**ACTIVITY**
From the first line of the data down to the line bearing "Cardigan fra japansk", output every line exactly and include no pictures.

Records from a dataset:
+===+

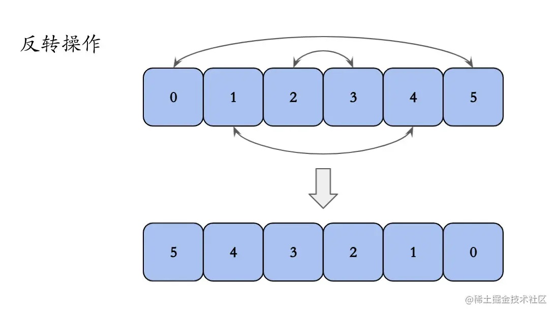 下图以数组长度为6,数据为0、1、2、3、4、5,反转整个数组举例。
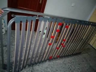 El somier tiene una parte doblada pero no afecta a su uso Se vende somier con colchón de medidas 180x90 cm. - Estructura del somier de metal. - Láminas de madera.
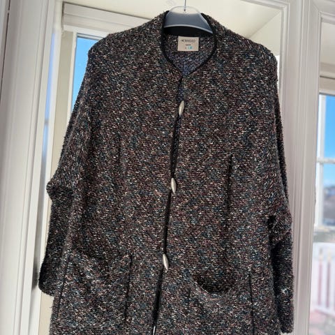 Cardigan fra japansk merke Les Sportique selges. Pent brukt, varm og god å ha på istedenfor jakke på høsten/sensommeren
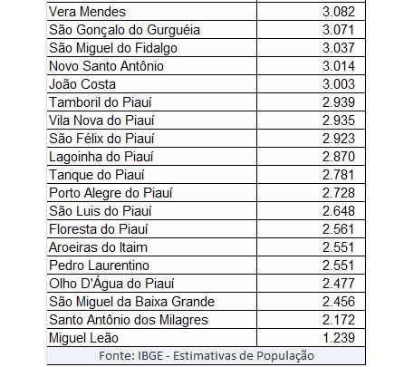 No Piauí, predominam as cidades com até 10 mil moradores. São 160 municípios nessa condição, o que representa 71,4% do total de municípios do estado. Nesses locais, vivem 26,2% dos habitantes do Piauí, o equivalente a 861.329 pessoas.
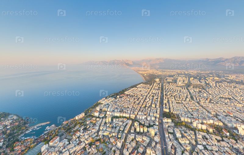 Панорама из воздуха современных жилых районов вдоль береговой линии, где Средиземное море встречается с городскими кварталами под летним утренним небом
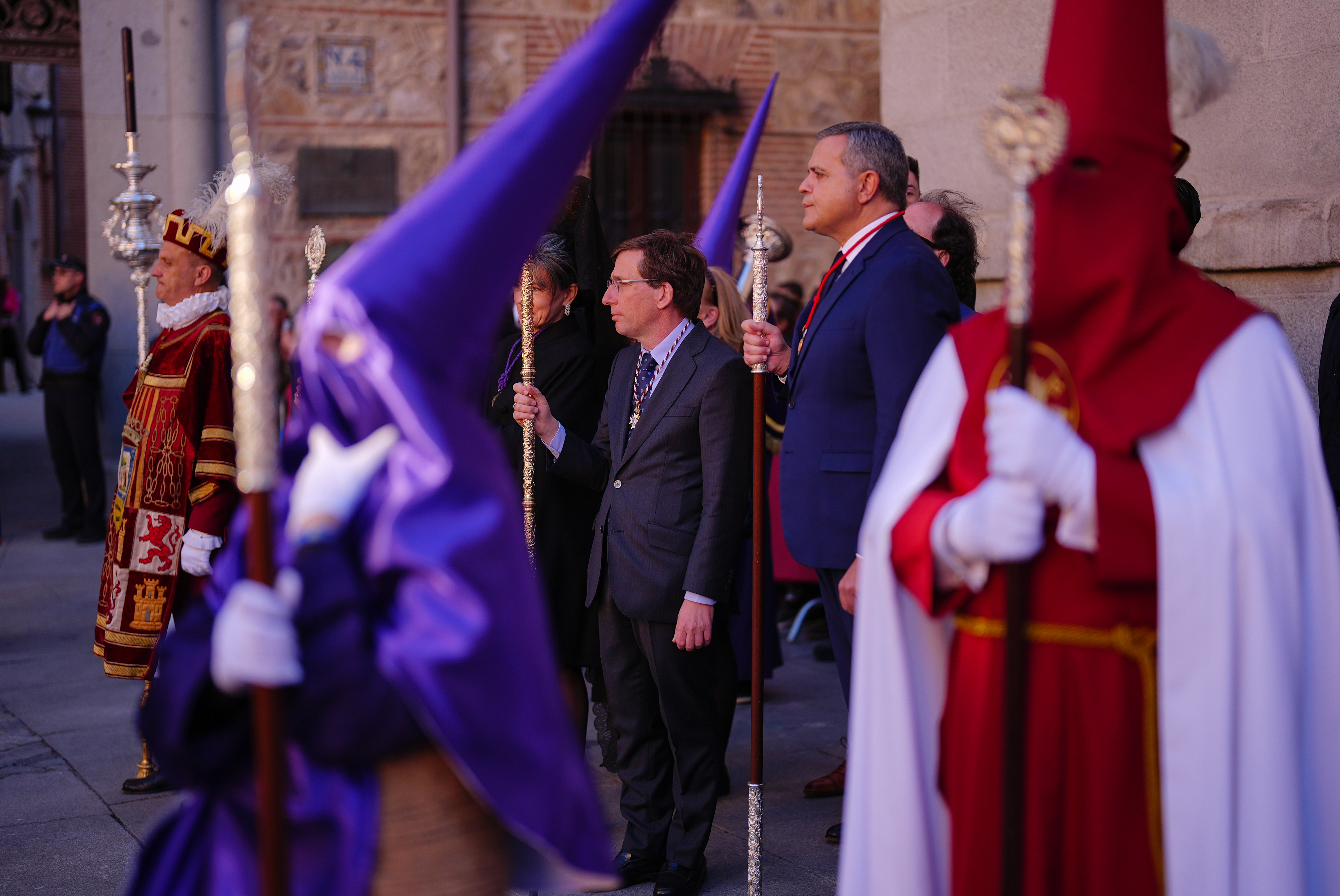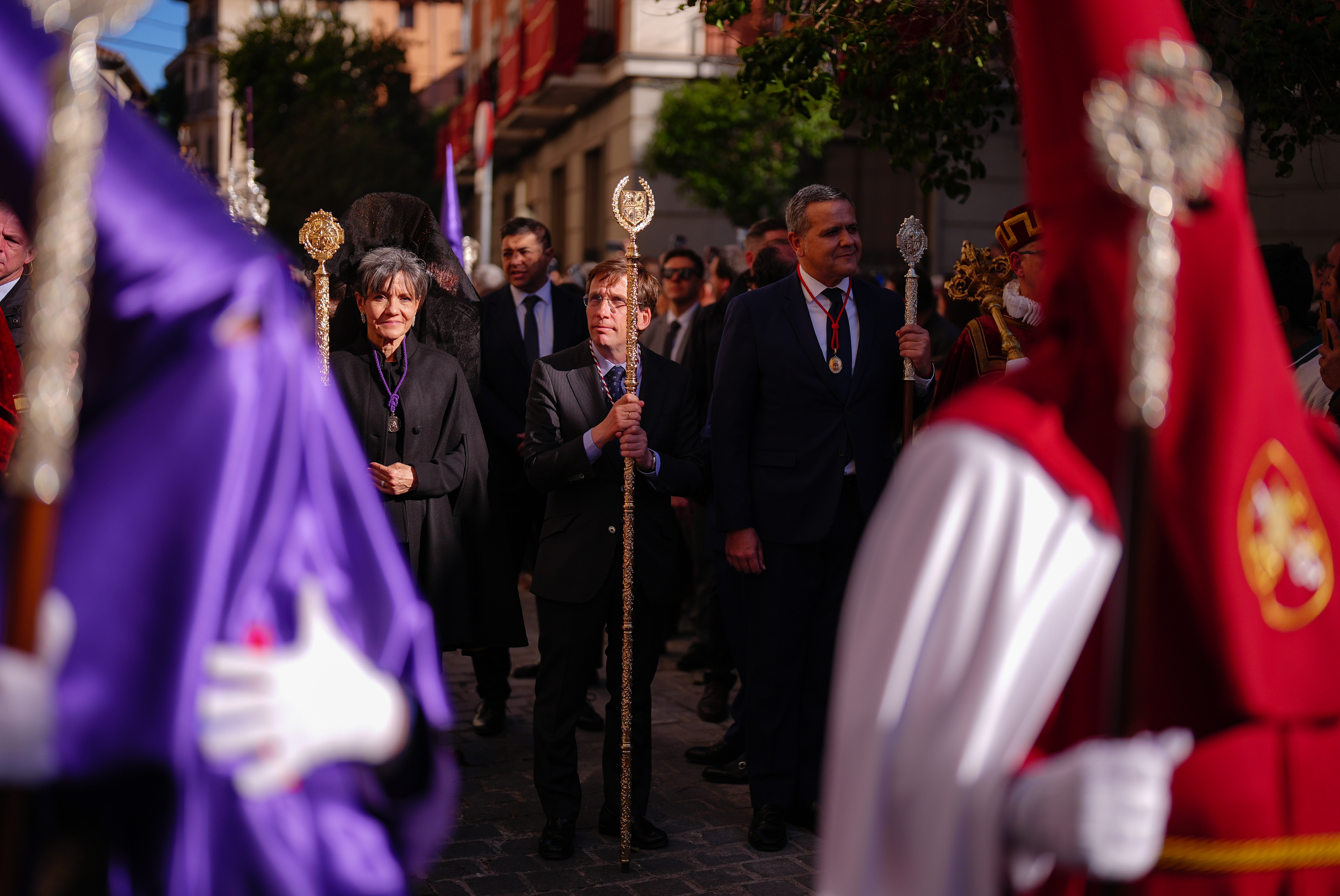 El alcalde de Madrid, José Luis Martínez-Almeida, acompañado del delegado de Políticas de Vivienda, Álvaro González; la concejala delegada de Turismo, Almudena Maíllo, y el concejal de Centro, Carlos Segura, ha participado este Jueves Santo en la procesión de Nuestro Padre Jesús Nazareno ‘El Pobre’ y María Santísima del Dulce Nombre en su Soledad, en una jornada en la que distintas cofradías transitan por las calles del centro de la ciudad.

+===+

**EXERCISE RESPONSE**
 下图以数组长度为6,数据为0、1、2、3、4、5,反转整个数组举例。
 El somier tiene una parte doblada pero no afecta a su uso Se vende somier con colchón de medidas 180x90 cm. - Estructura del somier de metal. - Láminas de madera.
 Cardigan fra japansk merke Les Sportique selges. Pent brukt, varm og god å ha på istedenfor jakke på høsten/sensommeren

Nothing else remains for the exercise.